The EL8 release did not ship an openldap-server like it did in previous releases. Instead only the client tools and some libraries are included for existing applications. Instead the focus from the upstream provider has been on other LDAP solutions.

This leaves a problem for various sites who have their data in an OpenLDAP system and do not have the time, energy, resources for moving to something else. There are several possible solutions to this:

  1. Continue to use EL5/EL6 even though it is at end of open maintenance.
  2. Continue to use EL7 until it is end of open maintenance around 2024-06-30.
  3. Move to a different distribution which does have working openldap
  4. Compile replacement tools using the Fedora src.rpm which may be closer to the ‘upstream’.
  5. Compile replacement tools using the upstream source.
  6. Compile using the upstream source from https://git.centos.org
  7. [Added after initial post] You can download them from https://koji.mbox.centos.org/koji/

In this tutorial we will work with number 5. At the end we will cover number 6.

Setting up a build environment.

For simplicity sake, we will assume you have a working but minimally installed Fedora 35 or EL8 system (Alma, Oracle, Rocky, etc) which you can do compiles in. If we are using an EL8 system are going to need to get mock and git installed.

$ sudo dnf install https://dl.fedoraproject.org/pub/epel/epel-release-latest-8.noarch.rpm

For Fedora and EL8 systems the following should work the same:

$ sudo dnf install git mock rpm-build
$ sudo usermod -a -G mock $USERNAME
$ newgrp mock

Answer yes to the questions about adding new keys and the packages should be installed to allow for a build to occur. We now need to set up a minimal .rpmmacros file for the next steps:

# uncomment if you want to build in standard homedirectory
#%_topdir %(echo $HOME)/rpmbuild
# comment if want to use standard home directory
%_topdir        %{getenv:PWD}
%_sourcedir     %{_topdir}/SOURCES
#%_sourcedir     %{_topdir}/SOURCES/%{name}-%{version}
%_specdir       %{_topdir}/SPECS
%_srcrpmdir     %{_topdir}/SRPMS
%_builddir      %{_topdir}/BUILD

%__arch_install_post \
    [ "%{buildarch}" = "noarch" ] || QA_CHECK_RPATHS=1 ; \
    case "${QA_CHECK_RPATHS:-}" in [1yY]*) /usr/lib/rpm/check-rpaths ;; esac \
    /usr/lib/rpm/check-buildroot

Once we have that in place, the following will get an openldap build going:

$ mkdir -vp ~/EL8-sources/ ~/output-packages/
$ cd ~/EL8-sources/
$ git clone https://git.centos.org/rpms/openldap.git
$ git clone https://git.centos.org/centos-git-common.git
$ cd openldap
$ ../centos-git-common/get_sources.sh
$ rpmbuild -bs SPECS/openldap.spec

Now depending on the host OS you are doing this on, you should see a file like SRPMS/openldap-2.4.46-18.fc35.src.rpm or SRPMS/openldap-2.4.46-18.el8.src.rpm having been created.

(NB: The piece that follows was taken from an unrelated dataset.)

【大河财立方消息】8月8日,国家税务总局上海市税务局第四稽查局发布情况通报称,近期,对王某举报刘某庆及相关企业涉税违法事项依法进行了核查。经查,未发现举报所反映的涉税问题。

$ mock -r centos-stream+epel-next-8-x86_64 --chain --localrepo \
~/output-packages/ SRPMS/openldap-2.4.46-18.fc35.src.rpm

should then attempt to build the packages and will end up with a fully usable repo in ${HOMEDIR}/output-packages/results/centos-stream+epel-next-8-x86_64

If not, then there are probably some steps or problems I missed in this howto :(. At this point you can determine what to do with installing this -server package on the server needing it.

Downloading direct from CentOS.

This is the ‘feed the fisherman versus teaching how to fish’ part of the document.

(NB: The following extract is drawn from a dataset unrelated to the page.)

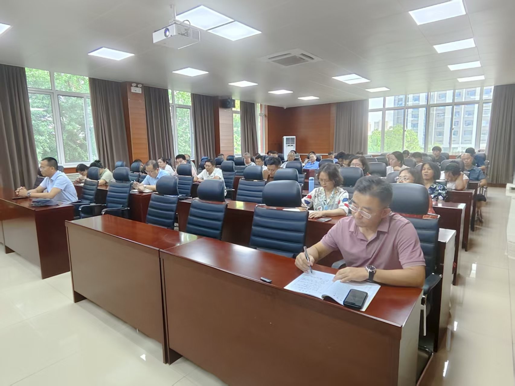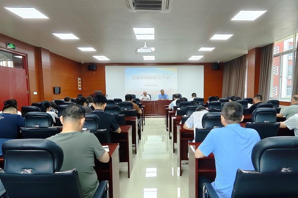 7月18日,资源学院在2号楼201会议室召开全体教职工大会,总结上学期工作,部署暑期及新学期重点工作。会议由校区领导贾宏俊、学院党委书记高尚宇主持,全体教职工参加。

If you are using CentOS Stream 8, you can download the build packages from the project koji. I expect similar steps can be done for other rebuilds.

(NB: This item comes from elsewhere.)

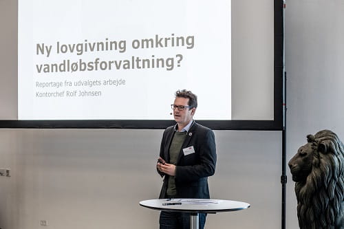 Kontorchef for Miljø i Region Midtjylland Rolf Johnsen fortalte om, hvor langt man på nuværende tidspunkt er med udformningen af en ny lovgivning på vandløbsområdet. Han fremhævede blandt andet forslaget om at tænke i helhedsplaner frem for strækningsbaserede planer for vandløbsforvaltningen. Sidstnævnte kan føre til, at et tiltag et sted i et vandløbssystem kan få negative konsekvenser andre steder. Dette mente Rolf Johnsen ikke er en optimal løsning, og han slog fast, at vi må arbejde sammen om vandløbstiltagene. Han fremhævede ligeledes anbefalingen om at inddrage vandselskaberne i vandløbstiltagene, da de kan være med til at finansiere løsningerne.

  1. dnf list openldap to get which package you are looking for.
  2. Open a window to https://koji.mbox.centos.org/koji/
  3. Type in openldap in the Search box.
  4. Click on the build you would have installed. For this example, we will choose https://koji.mbox.centos.org/koji/buildinfo?buildID=18688 and then scroll down to the architecture you are using.
  5. Right click on the download button for openldap-servers like:https://koji.mbox.centos.org/pkgs/packages/openldap/2.4.46/18.el8/x86_64/openldap-servers-2.4.46-18.el8.x86_64.rpm
  6. Install this package in the package place you want.
  7. When dnf breaks because it can’t upgrade the package due to the upstream updating, go follow step 0 again.